Records for the task —
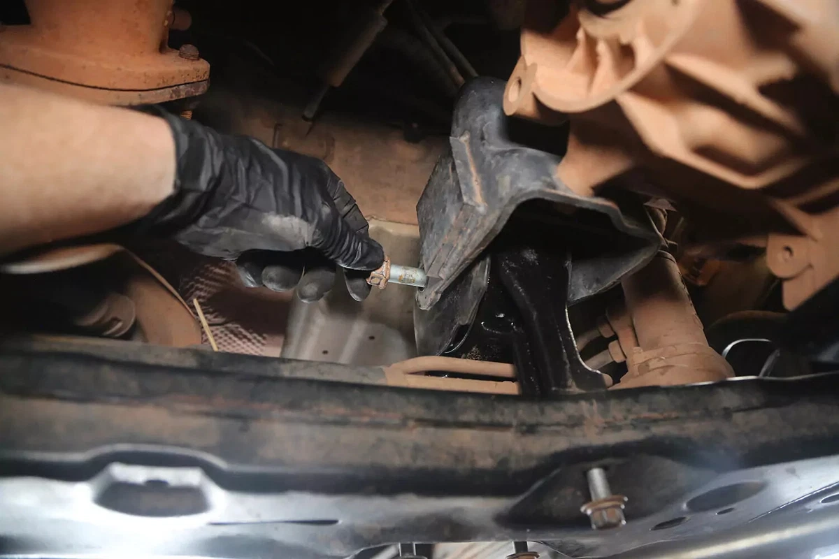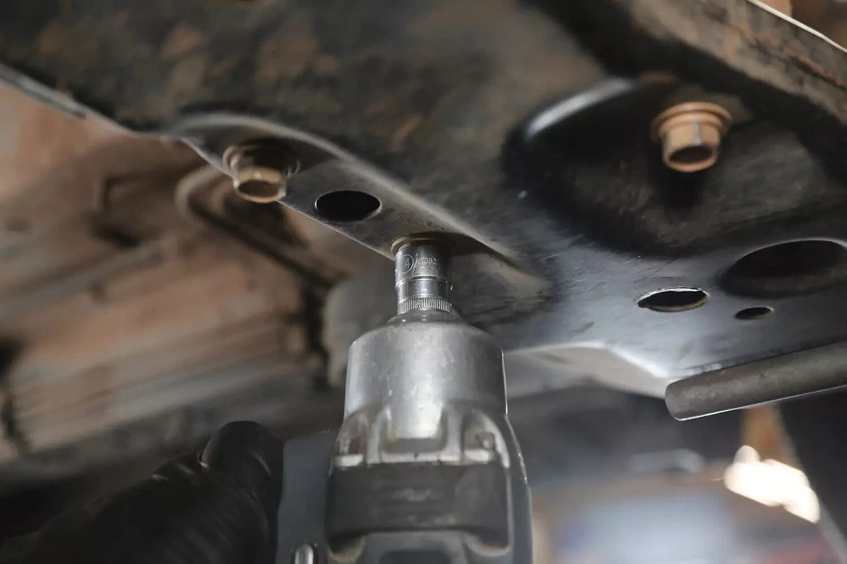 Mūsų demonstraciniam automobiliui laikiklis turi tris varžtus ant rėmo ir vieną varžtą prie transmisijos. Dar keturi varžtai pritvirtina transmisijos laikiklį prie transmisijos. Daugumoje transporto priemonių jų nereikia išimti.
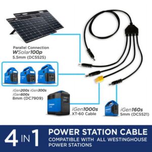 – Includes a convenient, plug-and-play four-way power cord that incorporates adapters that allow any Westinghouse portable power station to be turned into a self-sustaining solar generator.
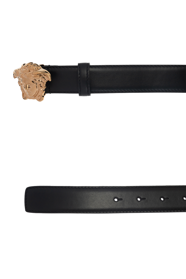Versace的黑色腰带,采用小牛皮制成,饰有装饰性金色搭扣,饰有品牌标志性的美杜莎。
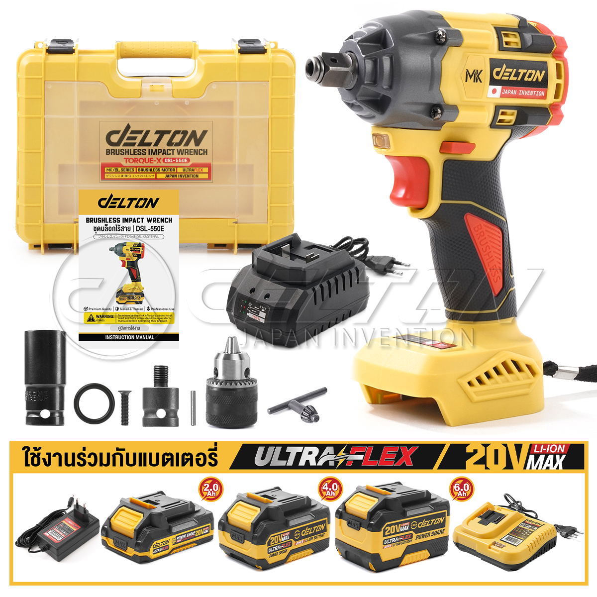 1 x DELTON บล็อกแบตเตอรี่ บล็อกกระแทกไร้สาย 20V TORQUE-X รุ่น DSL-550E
==
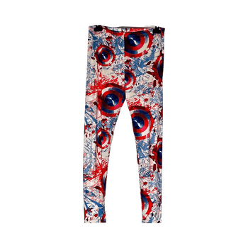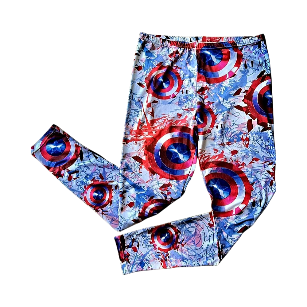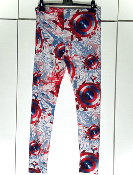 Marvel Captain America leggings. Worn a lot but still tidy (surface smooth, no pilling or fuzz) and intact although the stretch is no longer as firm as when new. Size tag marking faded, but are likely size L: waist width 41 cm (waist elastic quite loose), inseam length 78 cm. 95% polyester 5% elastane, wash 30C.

Exercise — Working from the entries above, reproduce exactly and only the lines beginning with the line that has "self-sustaining solar generator." and ending with the line that has "1 x DELTON บล็อกแบตเตอรี่"; omit all pictures.

Answer box —
 – Includes a convenient, plug-and-play four-way power cord that incorporates adapters that allow any Westinghouse portable power station to be turned into a self-sustaining solar generator.
Versace的黑色腰带,采用小牛皮制成,饰有装饰性金色搭扣,饰有品牌标志性的美杜莎。
 1 x DELTON บล็อกแบตเตอรี่ บล็อกกระแทกไร้สาย 20V TORQUE-X รุ่น DSL-550E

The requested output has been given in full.